Model definition guidelines

Below we summarize some guidelines you can use to write efficient models.

  • Use simple parameter types in the calculation methods (calculate_smatrix, calculate_signals and calculate_dydt)

    The following are considered simple parameter types: integers, floats, complex numbers, and numpy arrays. In most cases, circuit models can be described as a function of simple parameters, this allows the model to be recompiled by the simulator into a more efficient form. In case you need more flexibility, or need to debug, the model will need to run in Python mode (see enabling Python mode).

  • Preload stored data.

    Instead of loading the data during the calculation methods, make sure to load them upfront.

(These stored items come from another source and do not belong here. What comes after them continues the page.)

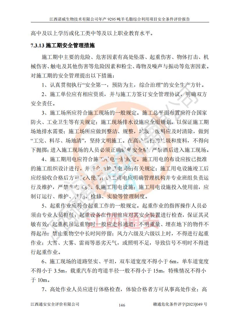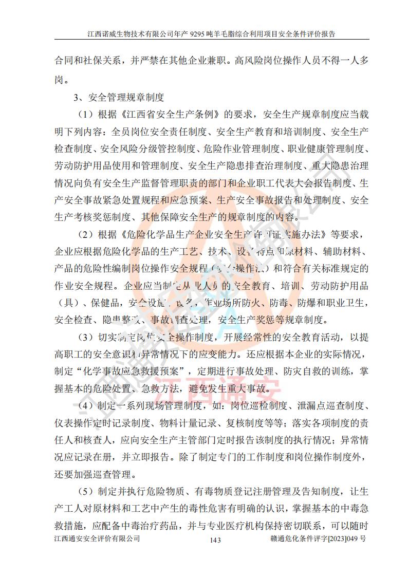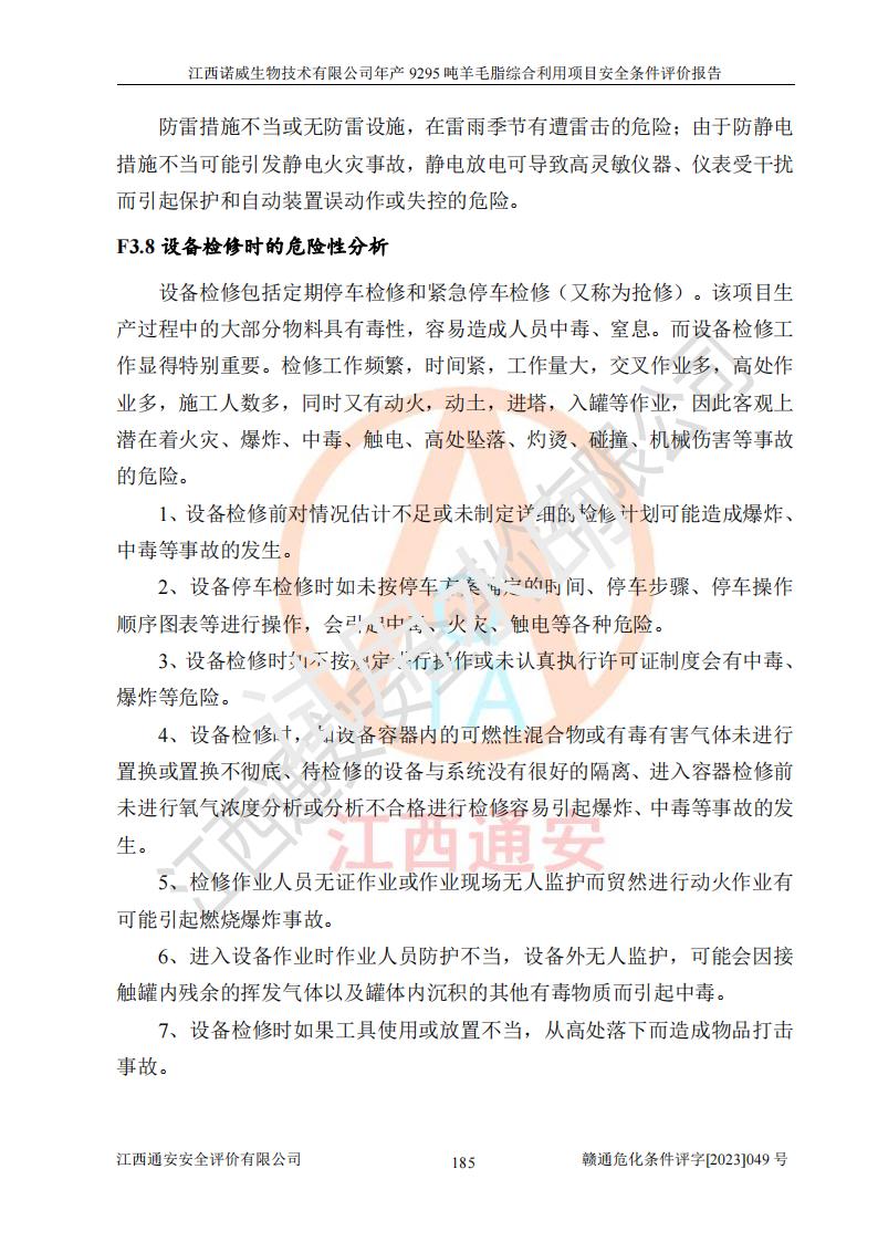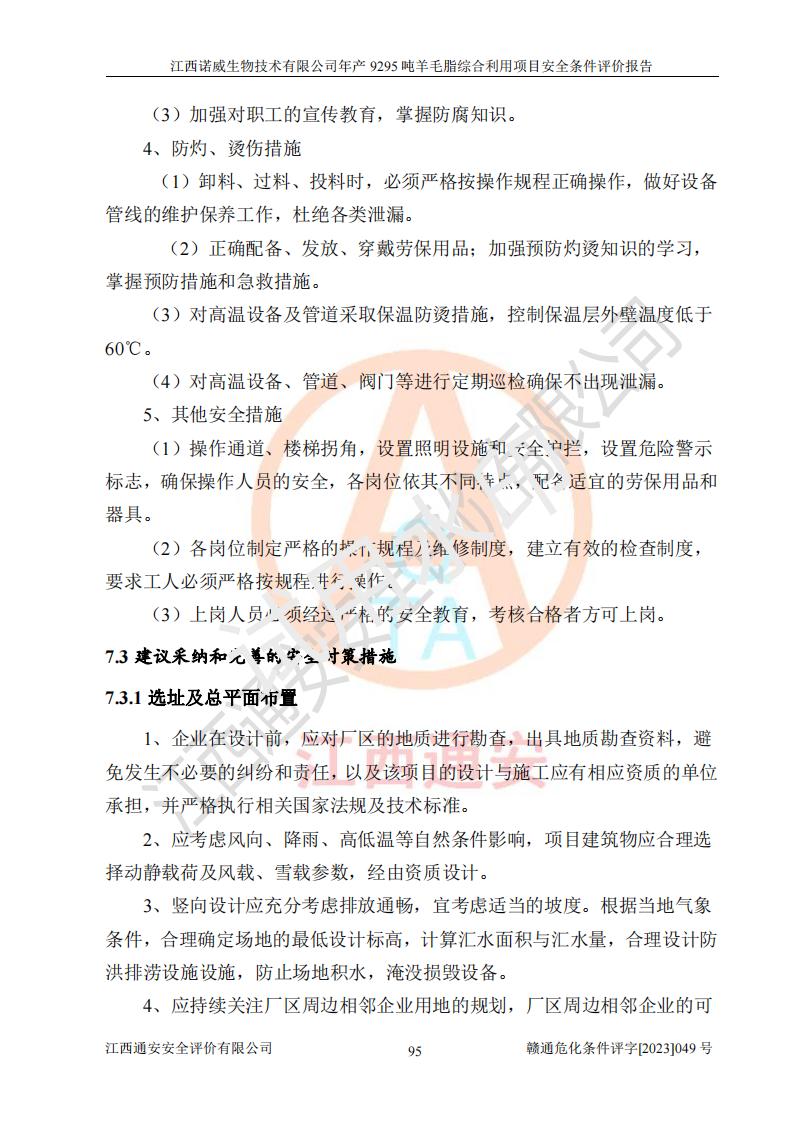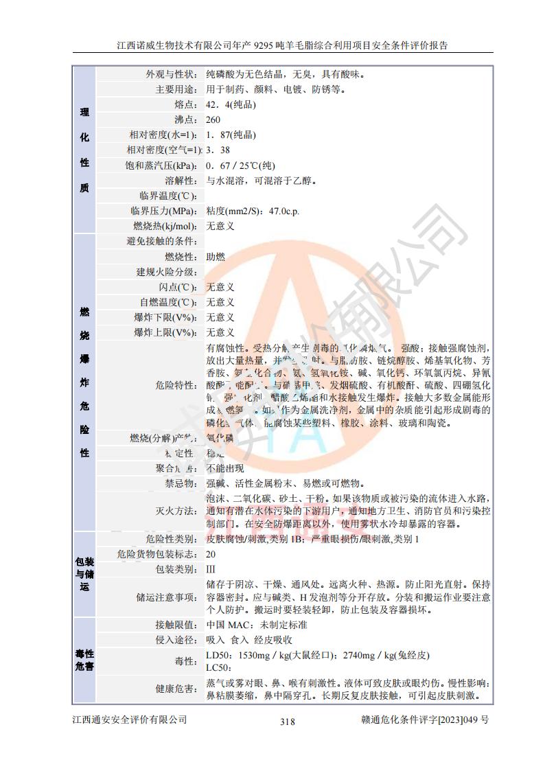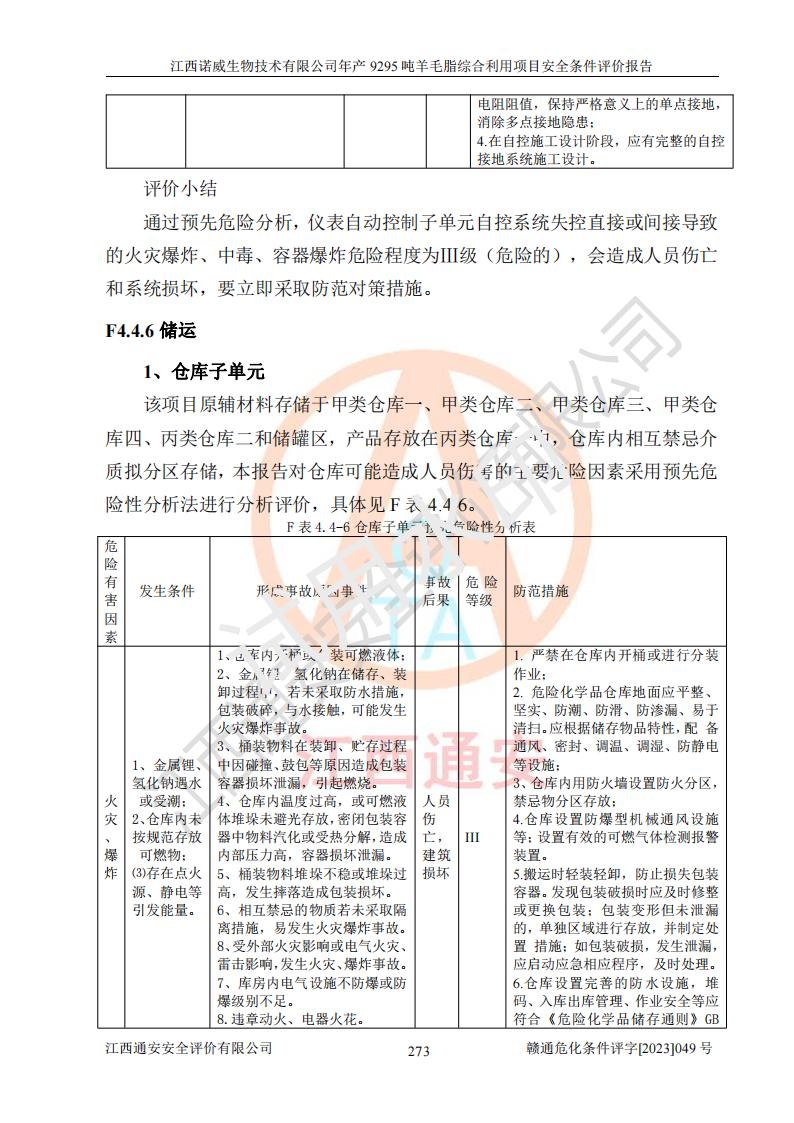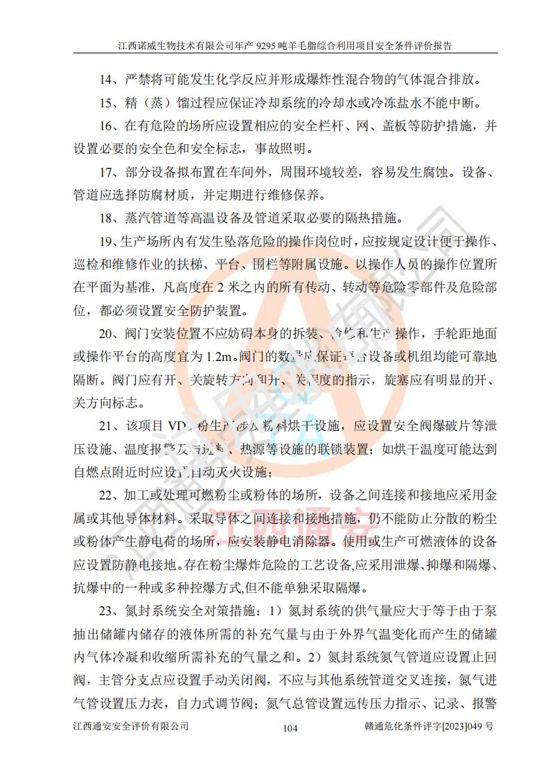 項目名稱 | 江西諾威生物技術(shù)有限公司年產(chǎn)9295噸羊毛脂綜合利用項目安全條件評價 | ||||
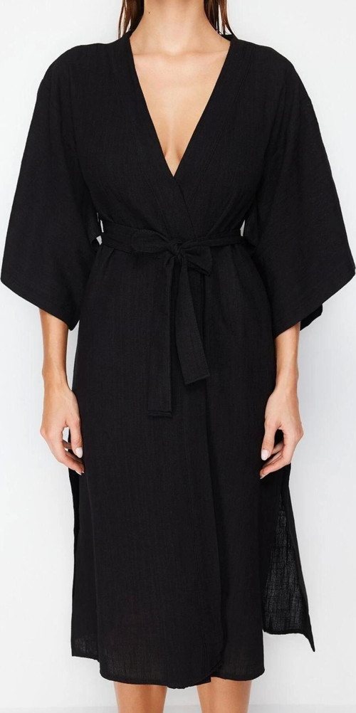 Moda Dokuma Regular Kalıp Midi V Yaka İspanyol Kol Keten görünümlü Basic Düz Desen Kimono Kaftan ürünümüz, hem şıklığı hem de rahatlığı bir arada sunar.
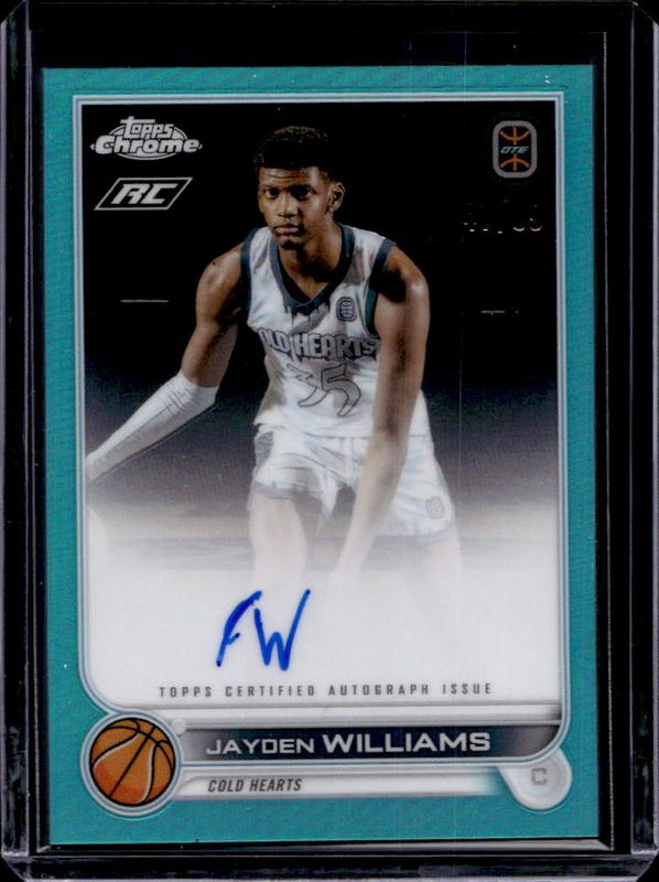 The Jayden Williams 2022 Topps Chrome OTE Overtime Elite #CA-JW2 Chrome Autographs Aqua Refractor /99 Rookie card is 1 of 163 Jayden Williams' card variations in the 2022 Topps Chrome OTE Overtime Elite set being tracked by Sports Card Investor, including #84 Aqua OTE, #13 Aqua OTE, #21 Aqua OTE, #29 Aqua OTE, and #84 RayWave OTE.
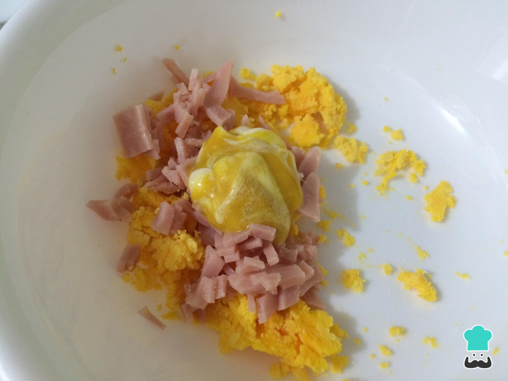 Es momento de mezclar la yema con el resto de ingredientes para hacer el relleno para los huevos. Entonces, revuelve la yema cocida con la mayonesa, la mostaza y el jamón cortado finamente, salpimentar.
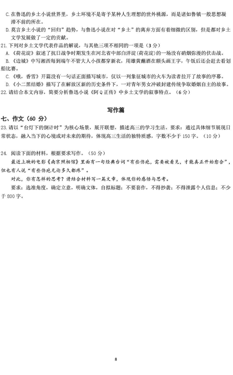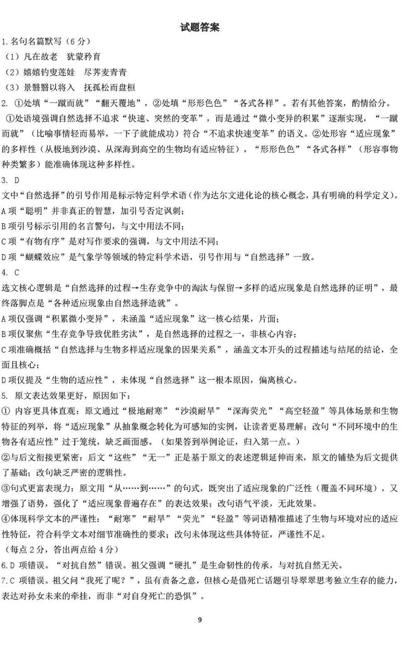 江苏省南京市六校联合体2026届高三上学期8月学情调研语文试题质量较高,题型多样,将作为考察考生对相应考点的掌握程度,考...
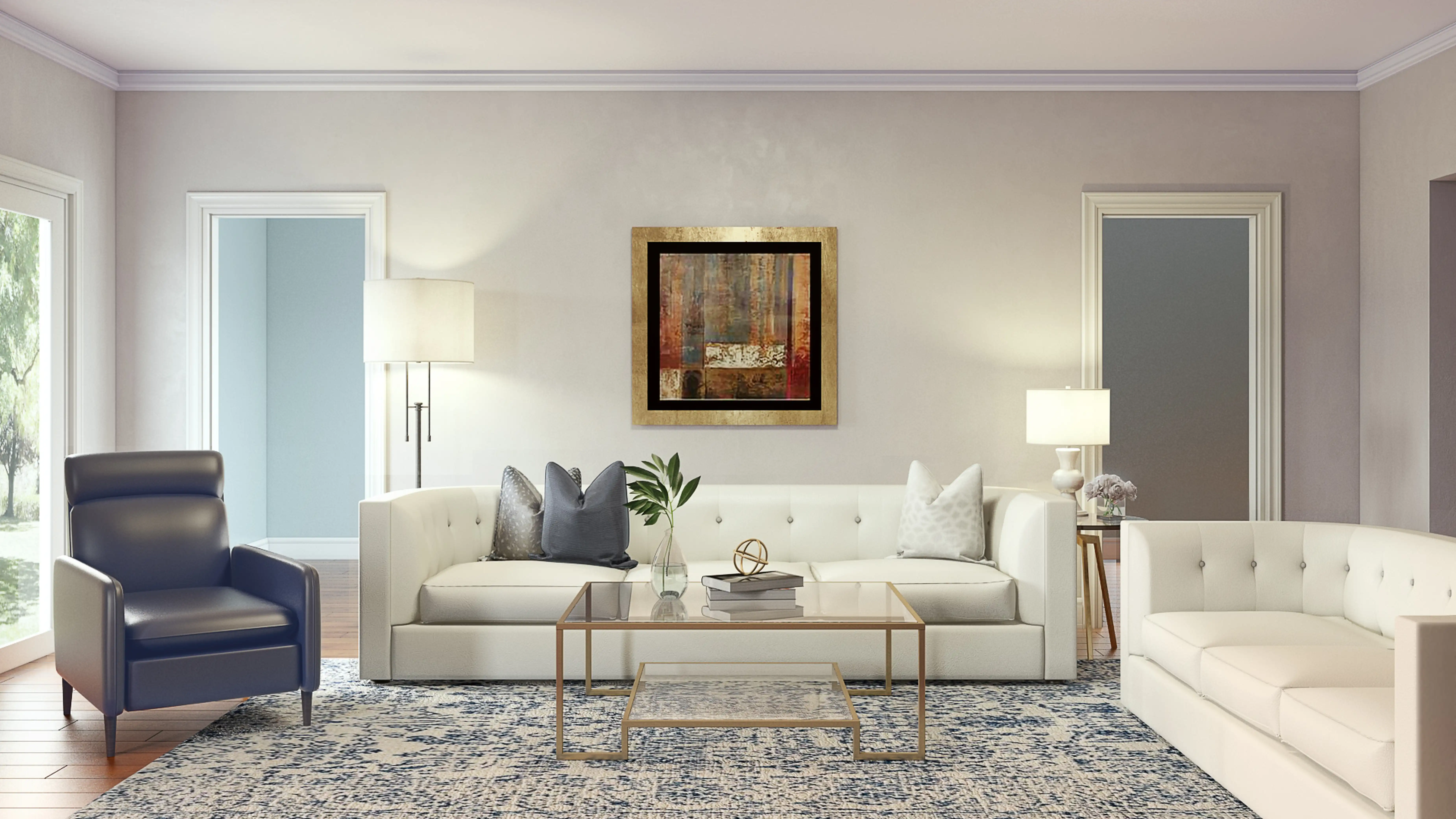 This classic living room is a perfect example of elegance and luxury. The color white dominates the room, but the designer also added a touch of gold with the coffee table and the painting. The black armchair adds some contrast, yet it fits in greatly.
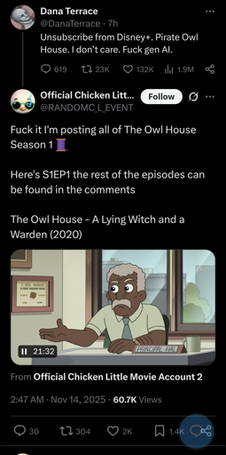 LiamBox@lemmy.ml to Piracy: ꜱᴀɪʟ ᴛʜᴇ ʜɪɢʜ ꜱᴇᴀꜱ@lemmy.dbzer0.comEnglish · 1 day ago'The Owl House’ creator Dana Terrace situation with Disney+ positive views on AI generated contentlemmy.mlimagemessage-square46fedilinkarrow-up1410arrow-down13
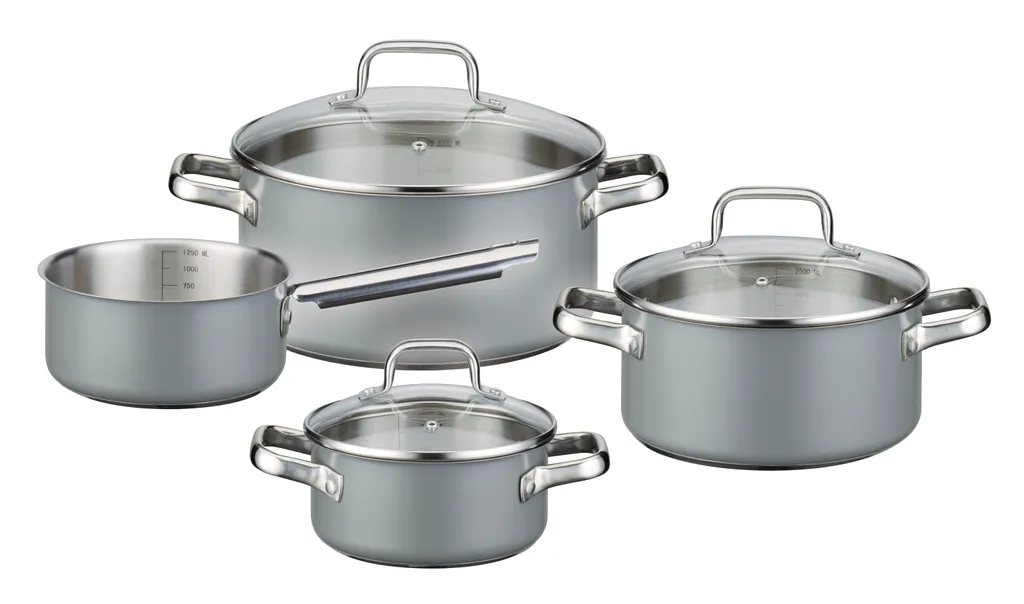 Beschreibung: Das Kochtopf-Set ist aus hochwertigem Edelstahl rostfrei 18/8 gefertigt und besticht durch eine trendige Außenfarbe. Die vorhandene Literskala in den Töpfen, der energiesparende Kapselboden und die handfreundlichen Kaltmetallgriffe sorgen für einen großen Spaß beim Kochen. Die Töpfe sind für alle Herdarten – auch für Induktion geeignet.
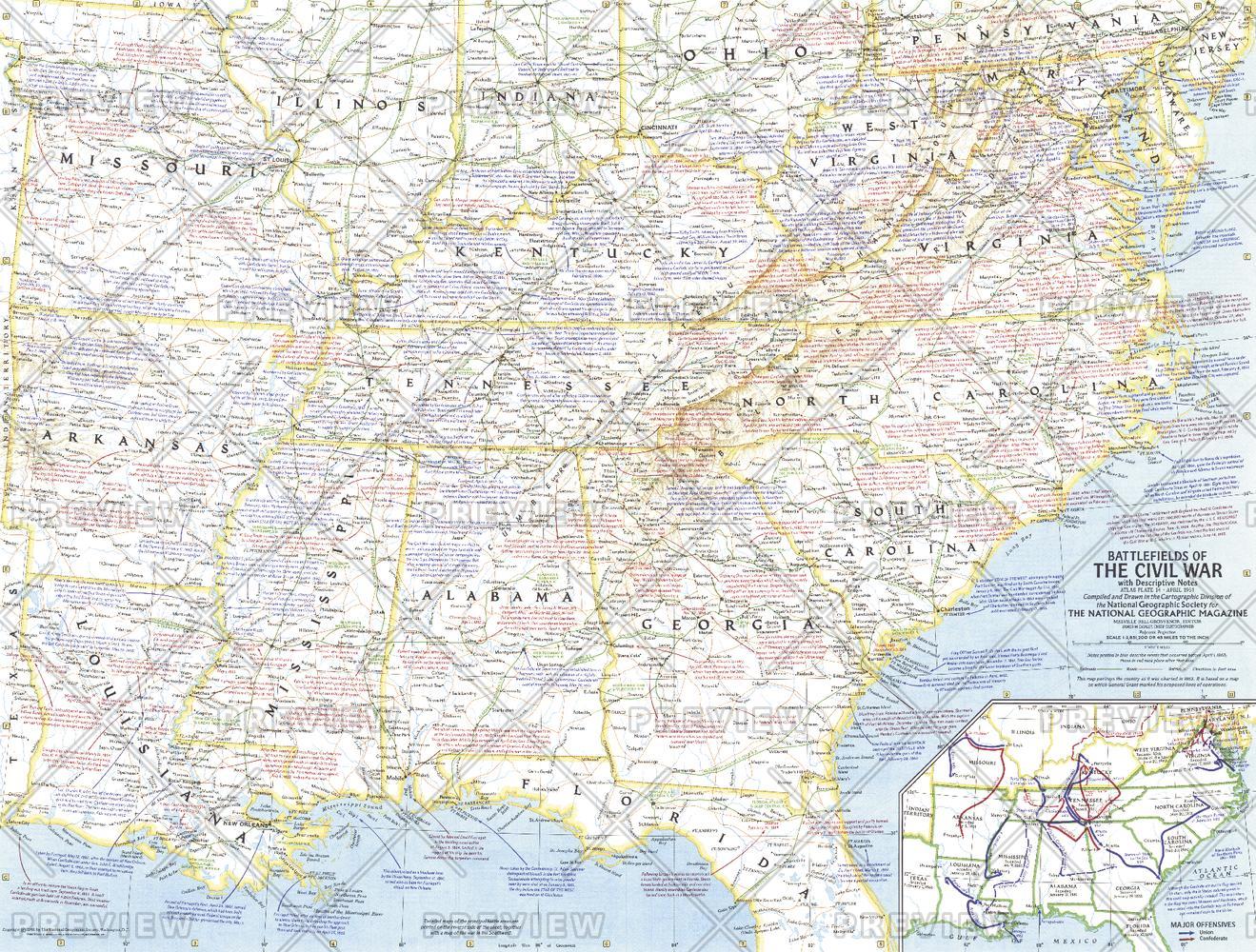 This Civil War map, based on a map upon which General Grant marked his proposed lines of operation, portrays the United States as it was charted in 1863. Published in April 1961 to accompany a map of Civil War battlefields, and the article "The Civil War."

Compare the following code:

    import numpy as np
    class MyModel(i3.CompactModel):
        parameters = ['length']
        terms = [
        def calculate_smatrix(parameters, env, S):
            n_eff_data = np.loadtxt('n_eff_tabulated_data.csv')
            idx = np.argmin(np.abs(n_eff_data[:, 0] - env.wavelength))
            n_eff = n_eff_data[idx, 1]
            S['in', 'out'] = S['out', 'in'] = np.exp(1j * 2 * np.pi * parameters.length / env.wavelength * n_eff)

    Instead, use:

    import numpy as np
    class MyModel(i3.CompactModel):
        parameters = ['length', 'n_eff_data']
        terms = [
        def calculate_smatrix(parameters, env, S):
            idx = np.argmin(np.abs(parameters.n_eff_data[:, 0] - env.wavelength))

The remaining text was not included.